1947-1952 : Ce furent cinq années décisives pour la démocratie indienne. Avec son accession à l’indépendance le 15 août 1947, l’Inde devient un pays souverain et maître de son destin. Depuis 1946, avant même l’indépendance, l’Assemblée constituante, qui réunissait quelques-uns des grands esprits de l’Inde, travaille à l’élaboration d’une nouvelle Loi fondamentale. Celle-ci est promulguée le 26 janvier 1950. Avec ses 396 articles et ses annexes, la Constitution indienne est l’une des plus longues du monde. Elle instaure un régime parlementaire bicaméral, inspiré du modèle britannique, avec la stricte séparation des pouvoirs et le respect des libertés collectives et individuelles. La Constitution instaure le suffrage universel et garantit l’État de droit incarné par la Cour suprême, réputée pour son indépendance.

Administrativement, le pays est organisé selon une logique fédérale. Définie comme une « union d’États », l’Inde est régie par un gouvernement central aux larges pouvoirs, mais la gouvernance est partagée entre New Delhi et des gouvernements régionaux qui ont une autonomie limitée mais réelle en matière d’action économique, sociale et éducative. Enfin, last but not least, la République indienne se veut laïque ou séculière, pour employer la terminologie indienne, et garantit l’égal statut de toutes les religions dans la sphère publique, sans en privilégier aucune.

Sur une période de quatre mois, à cheval entre 1951 et 1952, se déroulèrent les premières élections législatives au suffrage universel. Les résultats furent proclamés le 21 février 1952. Auréolé de son rôle majeur dans le mouvement de libération, le parti du Congrès remporte le scrutin avec une écrasante majorité. Son leader Jawaharlal Nehru, qui assurait la gestion au quotidien du pays depuis l’indépendance en 1947, devint le premier Premier ministre de l’Inde.

Influencé par le système parlementaire britannique, tout en affichant son admiration pour les exploits de l’URSS en matière de développement et de modernisation, Nehru engagea son pays sur les voies de la démocratie parlementaire, mâtinée d’un étatisme socialiste et égalitaire dans les domaines économiques et sociaux. Soucieux de prendre à bras le corps les inégalités qui rongent la société indienne, il fit inscrire dans la Constitution des mesures de discrimination positive favorisant les plus basses castes et les populations dites tribales.

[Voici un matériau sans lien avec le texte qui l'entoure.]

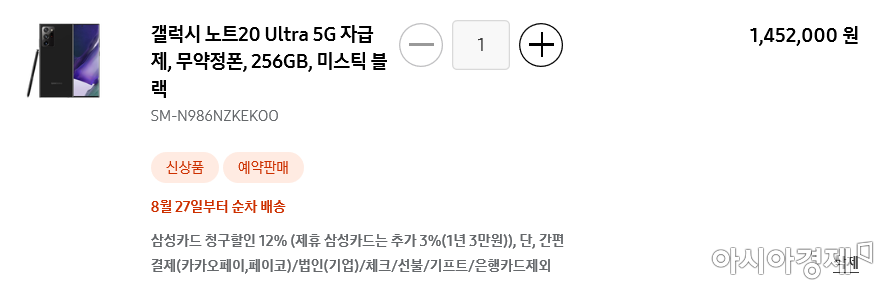12일 업계에 따르면 삼성닷컴과 11번가 등에서 갤럭시노트20 울트라 자급제 모델 주문이 몰리면서 배송 일정이 지연되고 있다.

Ainsi, sous son égide, le Congrès qui domine la scène politique au sortir de l’indépendance, a jeté les bases du développement du pays.

Les premières décennies de l’Inde indépendante se caractérisent en effet par la prépondérance du parti du Congrès sur le Parlement et sur l’exécutif. Les politologues parlent de « système congressiste », fondé sur un consensus entre la bourgeoisie dominante issue du combat pour l’indépendance et les minorités musulmanes et les basses castes dont la fidélité était acquise au Congrès. Véritable parti-État, abritant sous son étiquette une pluralité de stratégies et doctrines, cette formation a offert à la République naissante une stabilité politique pendant presque vingt ans, correspondant à ce qu’on a appelé « l’âge d’or nehruvien ».

1977 : Avec la première alternance de régime à New Delhi, l’année 1977 est une autre date historique gravée dans les manuels consacrés à la démocratie indienne. Elle s’ouvre sur la convocation des élections législatives, après deux longues années d’état d’urgence. En 1975, la Première ministre Indira Gandhi, fille de Nehru, dont l’élection venait d’être annulée par une Haute Cour régionale saisie par l’opposition, fit proclamer un régime d’exception, interrompant le processus démocratique. C’est une heure noire pour la démocratie indienne. Le pays vit mal cette période de quasi-dictature. Les principaux leaders de l’opposition se sont retrouvés derrière les barreaux et la liberté de la presse et d’expression avait été sévèrement restreinte.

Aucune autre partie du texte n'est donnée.